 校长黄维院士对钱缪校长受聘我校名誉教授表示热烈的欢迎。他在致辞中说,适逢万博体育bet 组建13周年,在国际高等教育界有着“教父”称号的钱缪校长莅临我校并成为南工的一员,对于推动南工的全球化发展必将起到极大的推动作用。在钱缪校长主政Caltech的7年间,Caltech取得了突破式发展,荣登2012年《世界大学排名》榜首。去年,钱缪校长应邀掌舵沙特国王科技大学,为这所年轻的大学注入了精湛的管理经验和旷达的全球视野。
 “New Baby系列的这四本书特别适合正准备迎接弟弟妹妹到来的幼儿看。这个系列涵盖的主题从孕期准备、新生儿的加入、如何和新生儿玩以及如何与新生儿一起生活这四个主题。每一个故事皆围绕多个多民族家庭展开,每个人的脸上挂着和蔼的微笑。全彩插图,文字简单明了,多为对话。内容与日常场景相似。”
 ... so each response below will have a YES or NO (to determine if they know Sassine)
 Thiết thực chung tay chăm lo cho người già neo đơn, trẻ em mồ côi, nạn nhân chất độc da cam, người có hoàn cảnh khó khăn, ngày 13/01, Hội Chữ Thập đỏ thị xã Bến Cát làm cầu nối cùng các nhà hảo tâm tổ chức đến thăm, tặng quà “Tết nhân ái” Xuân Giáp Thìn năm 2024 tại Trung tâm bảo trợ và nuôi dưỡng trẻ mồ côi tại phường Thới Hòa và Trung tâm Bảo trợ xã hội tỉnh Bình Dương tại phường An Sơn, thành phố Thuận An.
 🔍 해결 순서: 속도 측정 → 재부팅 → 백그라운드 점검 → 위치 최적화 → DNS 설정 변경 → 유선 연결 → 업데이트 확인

==========

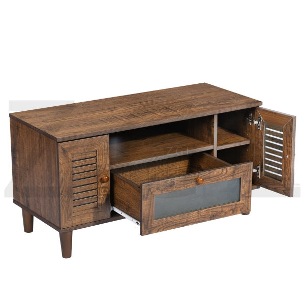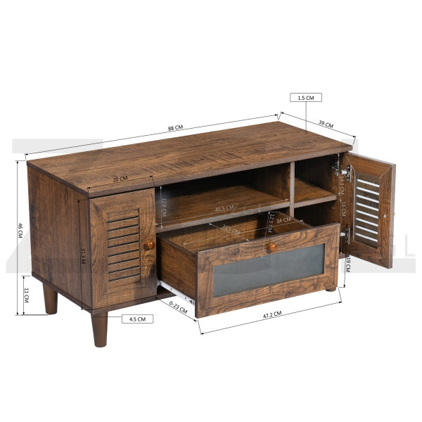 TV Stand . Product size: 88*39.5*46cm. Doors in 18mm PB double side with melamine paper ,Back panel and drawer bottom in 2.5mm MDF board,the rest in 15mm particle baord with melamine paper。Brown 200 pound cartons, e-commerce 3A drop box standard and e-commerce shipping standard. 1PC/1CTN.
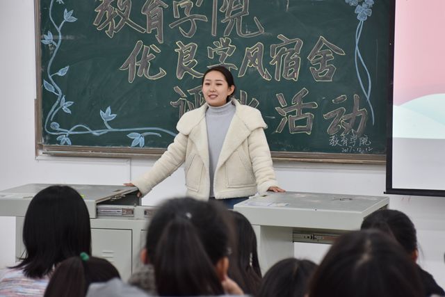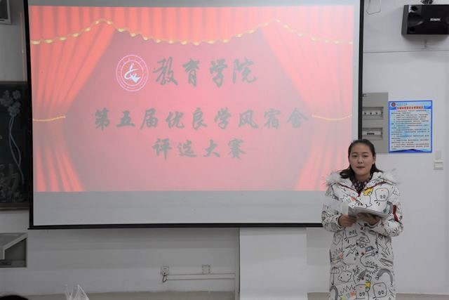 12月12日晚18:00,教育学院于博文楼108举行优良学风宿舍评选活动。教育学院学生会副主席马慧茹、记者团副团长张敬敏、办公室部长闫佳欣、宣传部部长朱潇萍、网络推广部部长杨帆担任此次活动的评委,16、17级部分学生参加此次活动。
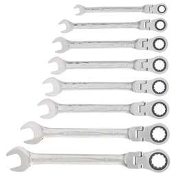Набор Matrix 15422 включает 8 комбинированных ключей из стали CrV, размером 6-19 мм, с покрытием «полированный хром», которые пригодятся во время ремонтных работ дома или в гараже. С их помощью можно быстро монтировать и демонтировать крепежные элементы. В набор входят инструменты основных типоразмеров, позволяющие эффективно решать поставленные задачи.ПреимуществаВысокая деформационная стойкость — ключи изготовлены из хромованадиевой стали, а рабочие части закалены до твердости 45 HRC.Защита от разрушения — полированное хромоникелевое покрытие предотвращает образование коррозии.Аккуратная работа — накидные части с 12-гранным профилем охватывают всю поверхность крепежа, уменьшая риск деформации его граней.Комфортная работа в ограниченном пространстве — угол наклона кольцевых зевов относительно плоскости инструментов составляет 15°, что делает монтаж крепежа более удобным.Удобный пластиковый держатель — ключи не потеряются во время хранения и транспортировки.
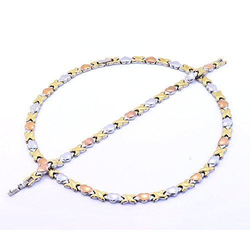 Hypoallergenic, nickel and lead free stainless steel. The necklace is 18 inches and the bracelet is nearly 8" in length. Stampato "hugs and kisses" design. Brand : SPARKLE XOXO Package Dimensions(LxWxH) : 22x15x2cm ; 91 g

==========

Nothing except the lines from the one containing "12月12日晚18:00,教" through the one containing "Hypoallergenic, nickel and" should appear in the answer, exactly as above and without pictures.

§ Exercise solution
 12月12日晚18:00,教育学院于博文楼108举行优良学风宿舍评选活动。教育学院学生会副主席马慧茹、记者团副团长张敬敏、办公室部长闫佳欣、宣传部部长朱潇萍、网络推广部部长杨帆担任此次活动的评委,16、17级部分学生参加此次活动。
Набор Matrix 15422 включает 8 комбинированных ключей из стали CrV, размером 6-19 мм, с покрытием «полированный хром», которые пригодятся во время ремонтных работ дома или в гараже. С их помощью можно быстро монтировать и демонтировать крепежные элементы. В набор входят инструменты основных типоразмеров, позволяющие эффективно решать поставленные задачи.ПреимуществаВысокая деформационная стойкость — ключи изготовлены из хромованадиевой стали, а рабочие части закалены до твердости 45 HRC.Защита от разрушения — полированное хромоникелевое покрытие предотвращает образование коррозии.Аккуратная работа — накидные части с 12-гранным профилем охватывают всю поверхность крепежа, уменьшая риск деформации его граней.Комфортная работа в ограниченном пространстве — угол наклона кольцевых зевов относительно плоскости инструментов составляет 15°, что делает монтаж крепежа более удобным.Удобный пластиковый держатель — ключи не потеряются во время хранения и транспортировки.
 Hypoallergenic, nickel and lead free stainless steel. The necklace is 18 inches and the bracelet is nearly 8" in length. Stampato "hugs and kisses" design. Brand : SPARKLE XOXO Package Dimensions(LxWxH) : 22x15x2cm ; 91 g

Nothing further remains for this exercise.